Взяла несколько напряженных аккордов, соответствующих ее подавленому и нервозному состоянию, и закрыла глаза, погружаясь в теплый солнечный день: парк, щебечут птицы, довольно молодая еще женщина сидит на лавочке и грызет соломинку, вернее, травинку, цветок… Заметно, что она волнуется и искоса поглядывает по сторонам. Вдруг она вскочила со скамейки и стало заметно, как порозовели ее щеки: она дождалась кого-то… Дальше все смазалось, движение замедлилось, словно пленка оборвалась…
Наталия встала, включила свет и попыталась вспомнить, как выглядела женщина и во что была одета. Черное платье с белыми пуговицами, на шее белые бусы, кажется из жемчуга (навряд ли настоящего) … Женщина русского хрестоматийного стиля, с русой косой, круглолицая и очень приятная…
Она снова выключила свет и, чувствуя себя ответственной за свои возможности, которые она теперь просто обязана использовать, чтобы, быть может, предотвратить новые преступления, и стала играть все подряд, вплоть до бешеного, истерично-залихватского канкана…
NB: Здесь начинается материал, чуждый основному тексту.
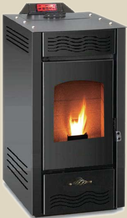
RM-22F 13KW 854 x 470 x 500mm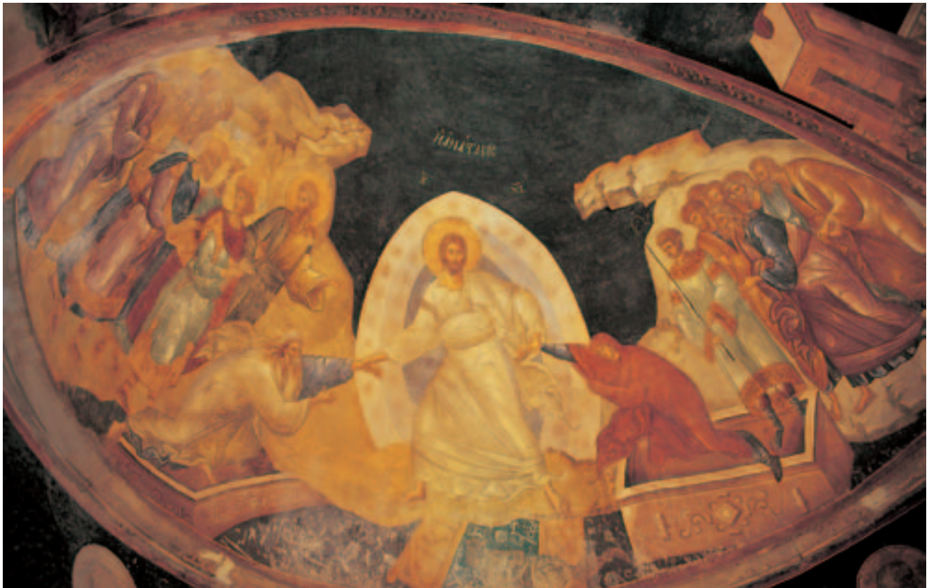
Fresco del monasterio de Chora.

С этой музыкой никак не вязался увиденный ею сельский пейзаж: старая, высокая деревянная мельница с застывшими крыльями; зеленые поля и изумрудно-бархатистая курчавость лесов; деревня, а слева от нее белые аккуратные домики, река с разноцветными семечками-лодочками на берегу… Потом все это исчезло, и она увидела высокую и очень худую, прямо-таки освенцимскую девушку с пепельными длинными прямыми волосами, зелеными глазами и темными выразительными бровями… Она бегала по зеленому лугу с охапкой полевых цветов, прижатых к груди, явно от кого-то убегая и хохоча во все горло…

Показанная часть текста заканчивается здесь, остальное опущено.